This visualization is more compact, but we can still see the same
information that we saw in the *decision plot*.
The average prediction for all houses in all the census blocks (1.49) is labeled
as the *base value* here. The predicted median price for houses in this
census block is 1.37 and is labeled as the *output value*.
Features that increase the predicted price from the *base value* are in red and
are distinguished from each other by arrows pointing upwards. Features
that decrease the predicted price are in blue and have downward-pointing
arrows. Features with larger effects on the prediction occupy more space
in the row of arrows. The two sets of features point to the *output value*.

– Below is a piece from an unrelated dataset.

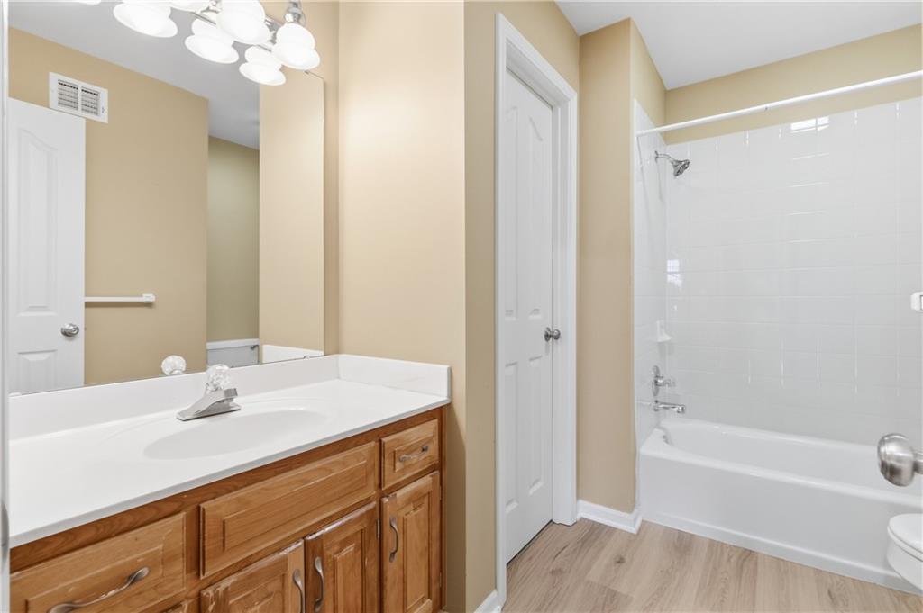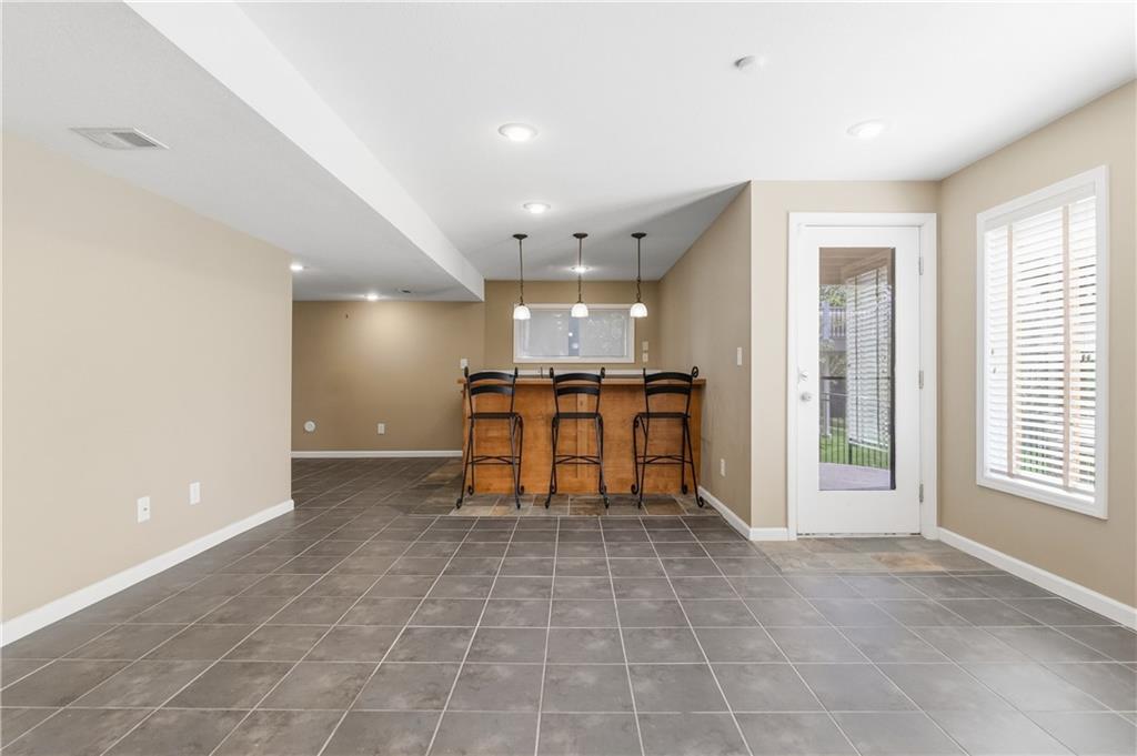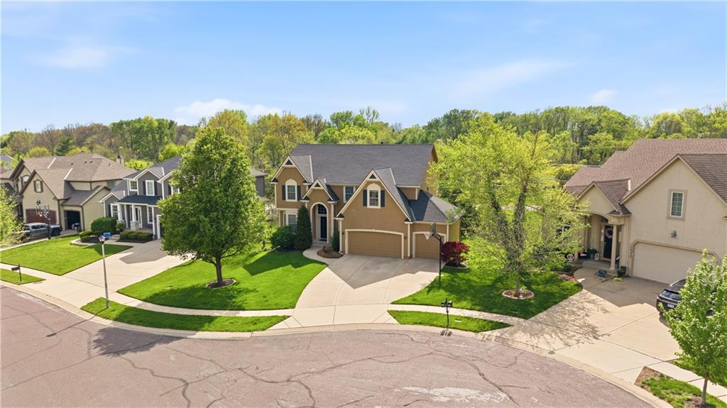 This meticulously maintained home is a great value in this sought after neighborhood! Welcoming entry with curved staircase. Home features hardwood floors in entrance, dining room, kitchen and breakfast room. The spacious great room offers built ins and a cozy gas fireplace. Kitchen boasts painted cabinets, SS appliances and great flow for everyday living. The primary suite features a sitting room, walk in closet, walk in shower and a bath with a jacuzzi tub. Secondary bedrooms offer large walk in closets. Convenient second floor laundry. The W/O lower level is filled with natural light and includes a wet bar and office space. Enjoy treed backyard with a deck and stamped concrete patio. Neighborhood amenities include walking trails, stocked pond, play area, and community pool, all just minutes from the elementary and middle schools. Home is surrounded by a 400 acre nature preserve with lakes, paved trails and abundant wildlife. Located in award winning Blue Valley Schools and convenient to shopping, dining, parks and quick highway access.
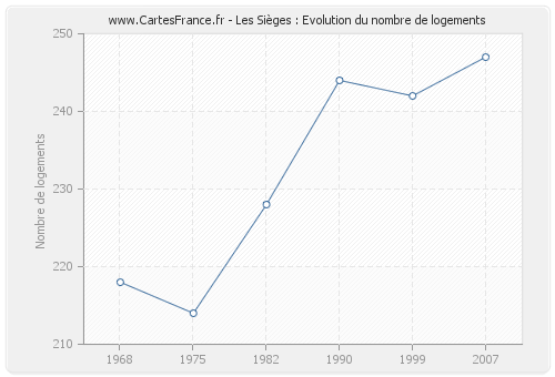 Historique du nombre de logements de Les Sièges de 1968 à 2007 :

The names of the features and their values are printed below the row of
arrows.
'''
# -
# # Explaining predictions for the entire data set
# ### Force plot
# + [markdown]
'''
Now that we understand the *force plot* for a single observation, we can look
at a force plot for many observations. Our entire data set has 20640
observations. That's too many to plot, so we'll take a random sample of
those observations for our *force plot*.
'''
# +
n = 200
pd.np.random.seed(16719)
row_idx = pd.np.random.randint(0, x.shape[0], n)

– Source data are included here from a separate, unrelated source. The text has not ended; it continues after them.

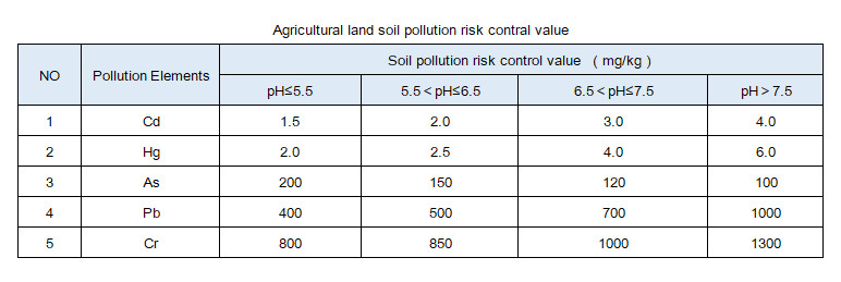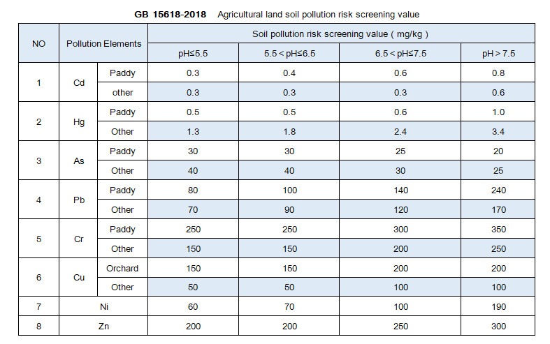 In 2018, in order to implement the Environmental Protection Law of the People's Republic of China, protect soil environmental quality, and control soil pollution risks, the Ministry of Ecology and Environment and the StateThe State Administration of Market Supervision and Administration jointly issued the "Soil Environmental Quality-Agricultural Land Soil Pollution Risk Control Standard (Trial)" (GB15618-2018).
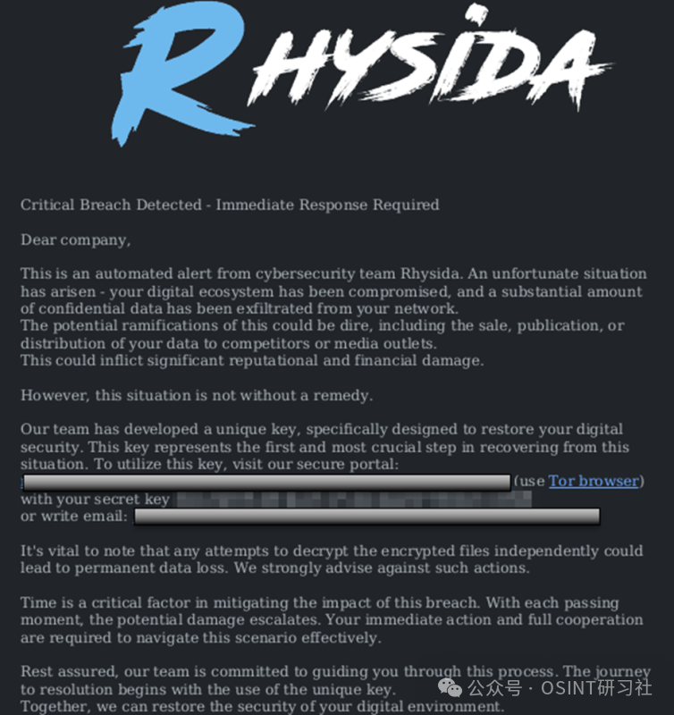 Rhysida 运营商出于经济动机,利用双重勒索攻击迫使受害者付款。除了加密受害者数据外,他们还窃取数据,并威胁如果不支付赎金就公布敏感信息
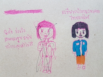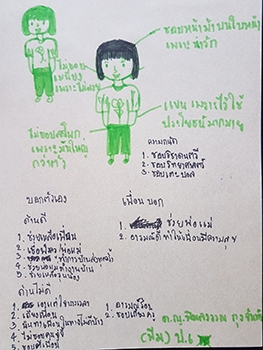 "สำรวจรูปร่าง-หน้าตา :- ชอบผมหน้าม้าเพราะน่ารัก ชอบแขนเพราะไว้ใช้ประโยชน์มากมาย, ไม่ชอบเหนียงเพราะไม่สวย ไม่ชอบสะโพกเพราะมันใหญ่กว่าตัว / นิสัยด้านบวก :- ช่วยเหลือเพื่อน เชื่อฟังครูและพ่อ-แม่ ทำการบ้านส่งทุกครั้ง ช่วยพ่อ-แม่ทำงานบ้าน ช่วยเหลือรุ่นน้อง อารมณ์ดีทำให้เพื่อนมีความสุข / นิสัยด้านลบ :- เอาแต่ใจบางเวลา เถียงเพื่อน นินทาเพื่อนในทางไม่ดีบ้าง ไม่ชอบคนจู้จี้ ตีเพื่อน อารมณ์ร้อน เถียงครู / ความถนัด-ความชอบ :- ชอบวิชาดนตรี วิทยาศาสตร์และชอบเตะบอล"

x_sample = x.iloc[row_idx, :]
shap_sample = shap_values[row_idx, :]
# -
shap.force_plot(explainer.expected_value, shap_sample, x_sample, link='logit')
# + [markdown]
'''
In the *force plot* for a single observation, we had a horizontal row of red
and blue arrows. For this *force plot* of many observations, the rows of
red and blue arrows have been rotated so that the arrows for a single
observation are now vertical. We can look horizontally across our entire
sampled data set and easily see approximately how many observations have
high predictions or average predictions or low predictions (where the red
and blue areas meet). We can also see which features tend to push these
predictions up or down.
'''
# -
# ### Feature importances summary plot
# + [markdown]
'''
This *force plot* for many observations is terrific for looking at the model's
predictions with granularity. But what if we want a simpler summary of
how important each feature is in making predictions for the entire data
set -- something like *feature importance*?

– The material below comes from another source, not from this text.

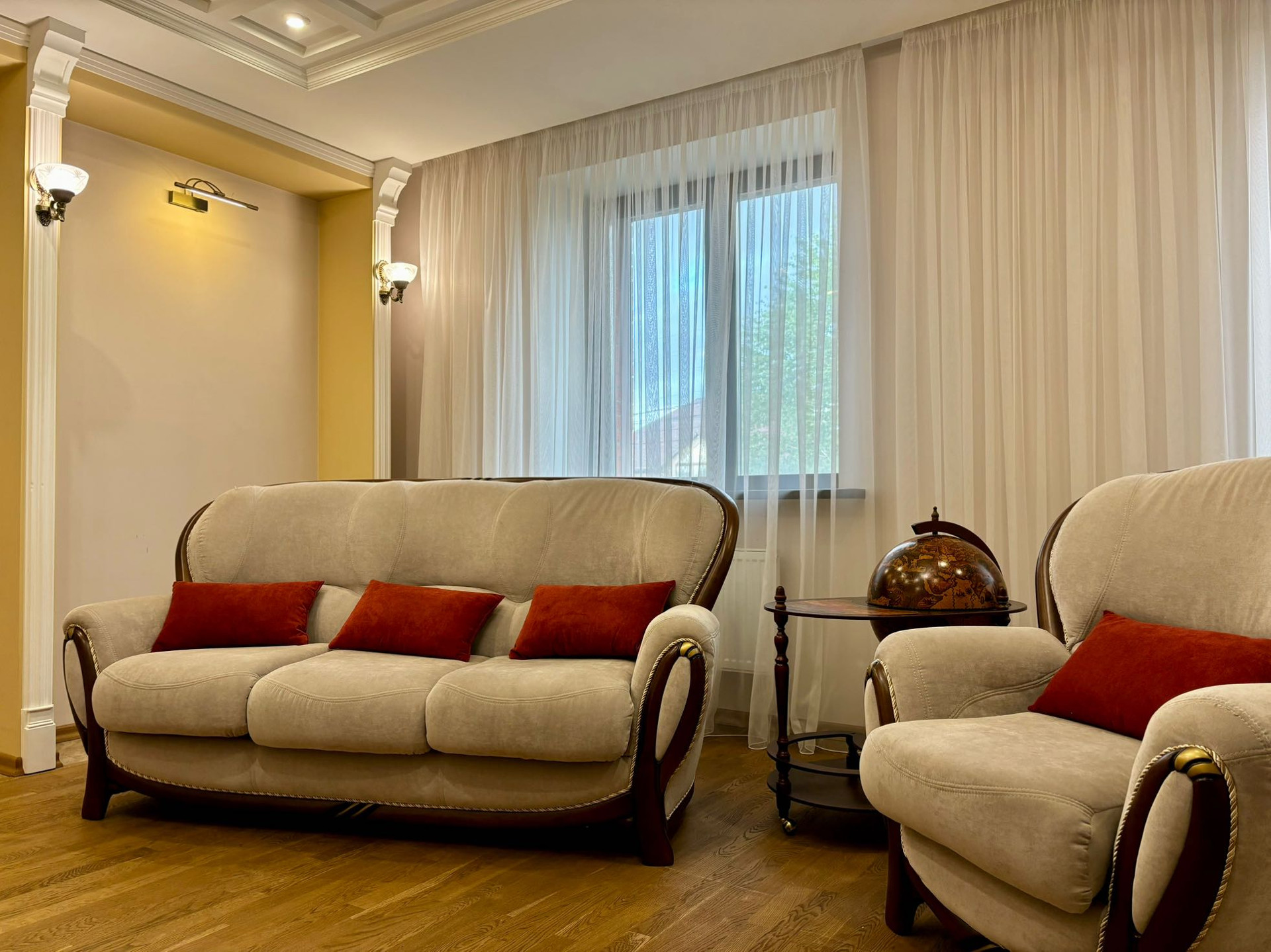 Дом кирпичный, стены 64см. Первый этаж полностью готов к проживанию, натуральный пробковый и дубовый паркет, вся мебель и оконные рамы из массива (это очень качественные материалы,без вредных клеев для детей), кухонный гарнитур от Lorena, варочная панель Bosh, встроенная посудомойка, 2 кондиционера, по всему этажу проведен теплый пол. Гардеробная система ikea.

The SHAP package provides this as a *summary plot*. Here it is for our data:
'''
# -
shap.summary_plot(shap_values, x, plot_type='bar')
# + [markdown]
'''
These summaries, or feature importances, are calculated simply by taking the
absolute values of all the Shapley values and averaging them for each
feature. Look closely, and you can see that the calculation below matches
the plot *summary plot* above.
'''
# -
pd.Series(pd.np.abs(shap_values).mean(axis=0),
index=cah_df.columns[:x.shape[1]]).sort_values(ascending=False)
# + [markdown]
'''
Just to make sure we understand what's happening here, let's look at the Shapley
values again:
'''
# -
print(shap_values)
print('SHAP values matrix - # rows, # columns:', shap_values.shape)
# + [markdown]
'''
Remember, each row is an observation, which represents a census block of houses,
and we have 20640 census blocks. Each column is a feature, and there are 8
features.
All we did in the calculation above was to average all the (absolute values of
the) 20640 Shapley values in each column. That gave us 8 sums, one for each
feature, and those are our 8 feature importances for this model. It's that
simple.
'''
# + [markdown]
'''
Let's pause and consider this for a moment, because this is a really important
point: the feature importances for the entire model are calculated
directly from their importances for individual observations. In other
words, the importances are consistent between the model's global behavior
and its local behavior. This consistency is a remarkable and really
important characteristic that many model interpretability methods do not
offer.
The SHAP package also provides a more granular look at feature importances for
the entire data set.
'''
# -
shap.summary_plot(shap_values, x)
# + [markdown]
'''
Here the Shapley values every observation are plotted for each feature.
Additionally, the coloring indicates whether low (or high) values of each
feature increase (or decrease) the model's predictions.
For example, we can see that high median incomes (*MedInc*) increase the
predictions of house prices (i.e., the Shapley values are greater than zero)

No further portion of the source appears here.